With the release of Huevos the Meat Puppets had released five full-length and one EP
with the independent SST Records over six years, plus an EP with World
Imitation Records which was later released on SST, and though they appreciated
the creative and business freedom SST had afforded them they were more than
ready to make the move to the majors.
But that move was still two records away. First they would release Monsters, a record that ushers in a heavier musical phase for the
band and, importantly, a seemingly more focused strategic plan for leaving the
indies behind.
[1] “The original Chaton
facility called Chaton
Recordings was opened in Paradise Valley, AZ in 1973 by Ed and
Marie Ravenscroft. Over the years their client list included: the Gin Blossoms,
Ce Ce Peniston, Kenny Rogers, Judas Priest, Lyle Lovett, Paul McCartney, Alice
Cooper and many, many others” (http://chatonstudios.com/?page_id=77).
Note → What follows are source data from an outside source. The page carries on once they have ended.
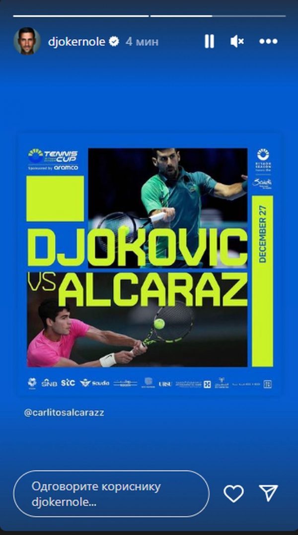 Krajem meseca, tačnije 26. i 27. decembra u Rijadu će da bude održan egzibicioni turnir, a meč će da odigraju Novak Đoković i Karlos Alkaraz. To su potvrdili Srbin i Španac.
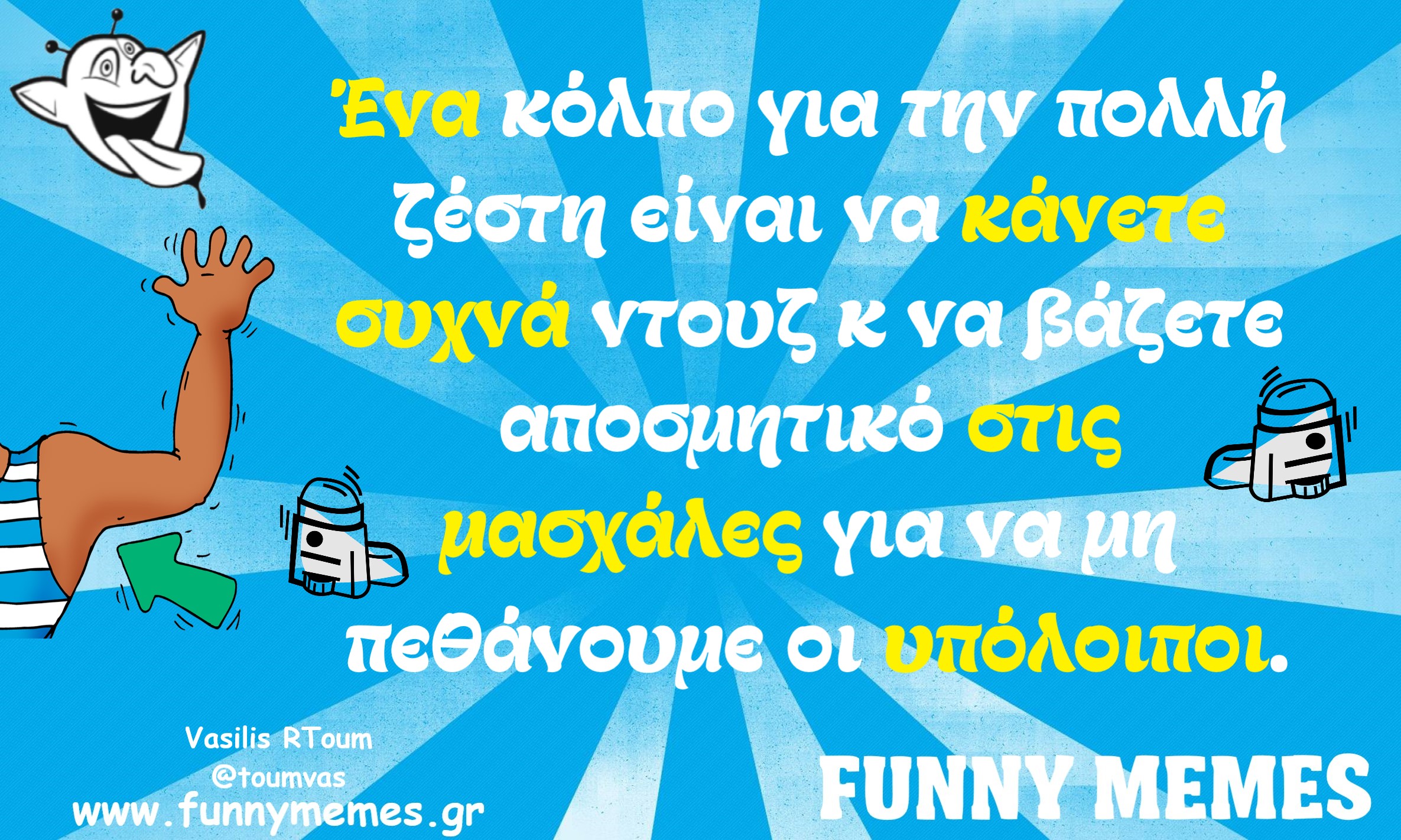 - Αγορές Αναδρομές Για παντρεμένους Για τα ζώα Για τα παιδιά Για τη μαμά Για τον μπαμπά Για χωρισμένους Δημοσιογραφία Εργασιακά Καλές πράξεις Μακάβρια Πολιτική Σοφά λόγια Σόκιν Τα αθλητικά Τα αντρικά Τα εγκληματικά Τα εργασιακά Τα ιατρικά Τα ιστορικά Τα καλλιτεχνικά Τα κατεψυγμένα Τα μακάβρια Τα μεταφυσικά Τα σόκιν Τα τεχνολογικά Τα φοιτητικά Τα ψεκασμένα Της διασκέδασης Της κρίσης Του έρωτα Τσίου memes Φωτορεπορτάζ
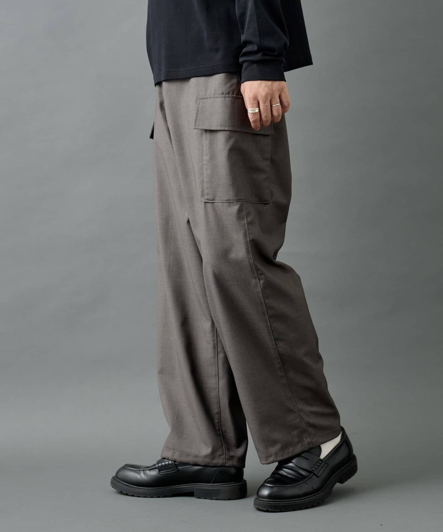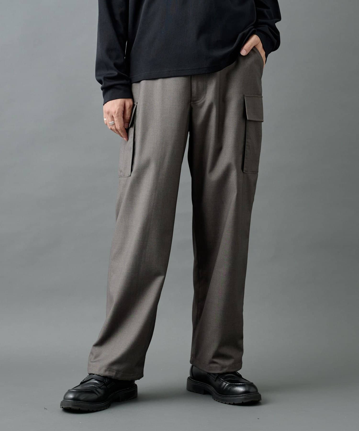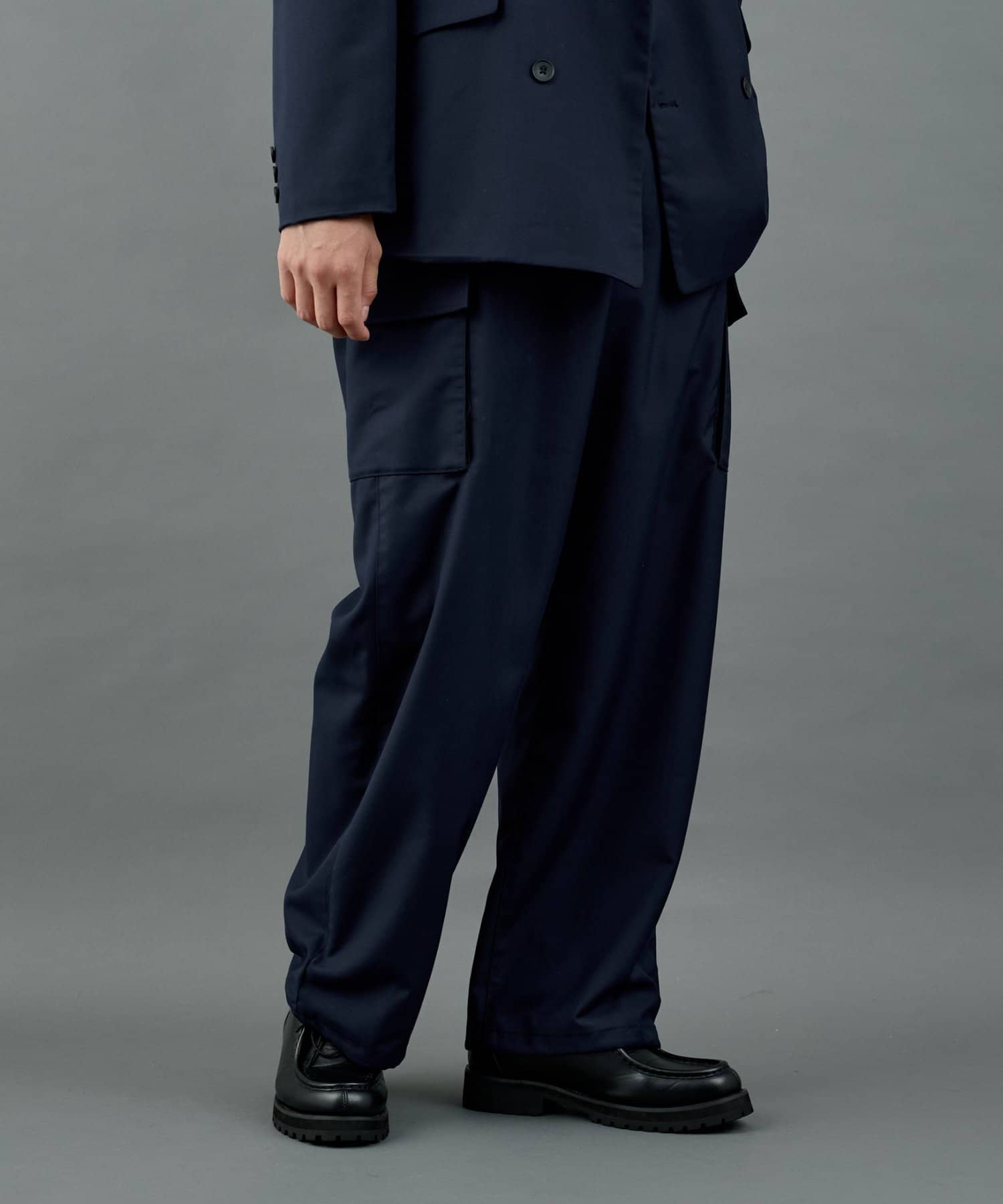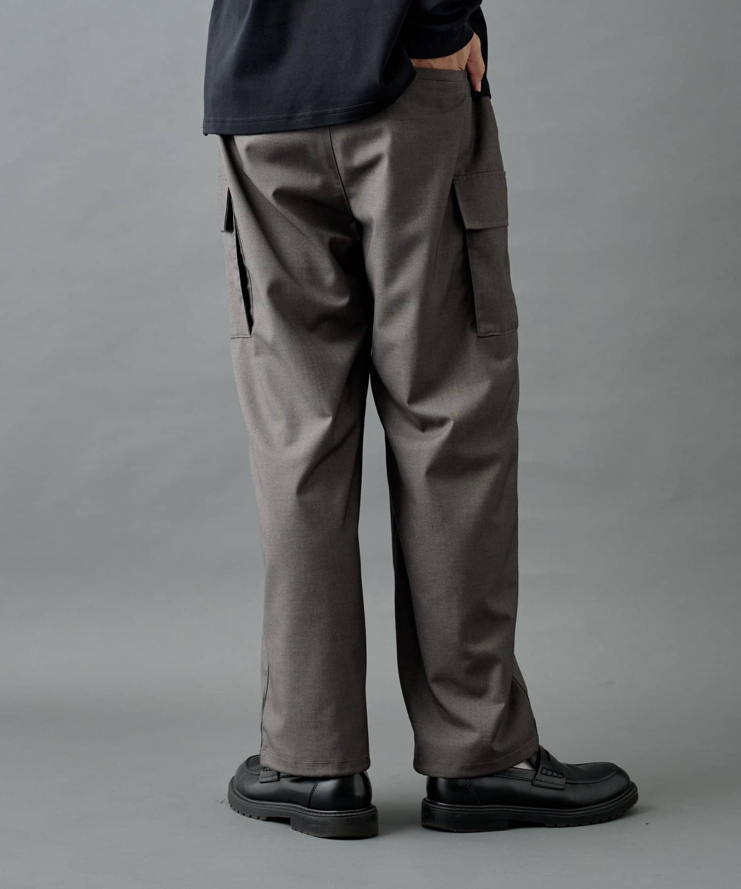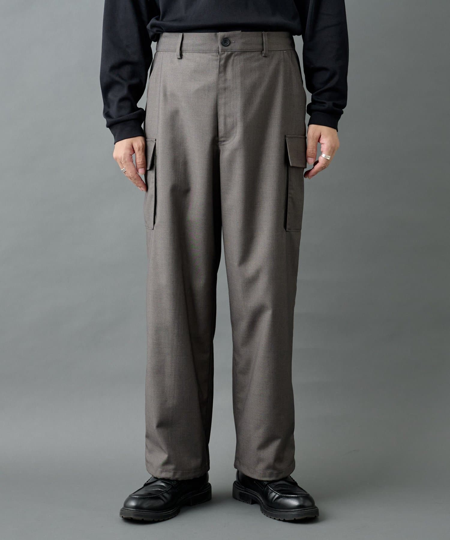 ミリタリー由来のカーゴディテールを、スラックス仕様の美しいシルエットに落とし込んだシルエットがポイントです。

The original vinyl release of Out My Way states “Recorded at Chaton
Studios, Phoenix” and the original vinyl release of Mirage states “Recorded at Chaton, Scottsdale.” Both rereleases of the list it as “Chaton
Studio.” Derrick says that he was never
aware of a distinction between “Chaton Studio” and “Chaton Recordings” (personal
correspondence, 2013).
[2] I first fell for Meat Puppets in the Summer
of 1986 when I heard, late at night, on “Listen to This,” a show broadcast late
Sunday nights/early Monday mornings on San Diego’s 91X radio station, “Good
Golly Miss Molly.”
[3] This review is available both online and on
the 1999 Mirage reissue liner-notes.
[4]
Thanks to Derrick Bostrom for pointing me to Merle, rather than Randy, Travis.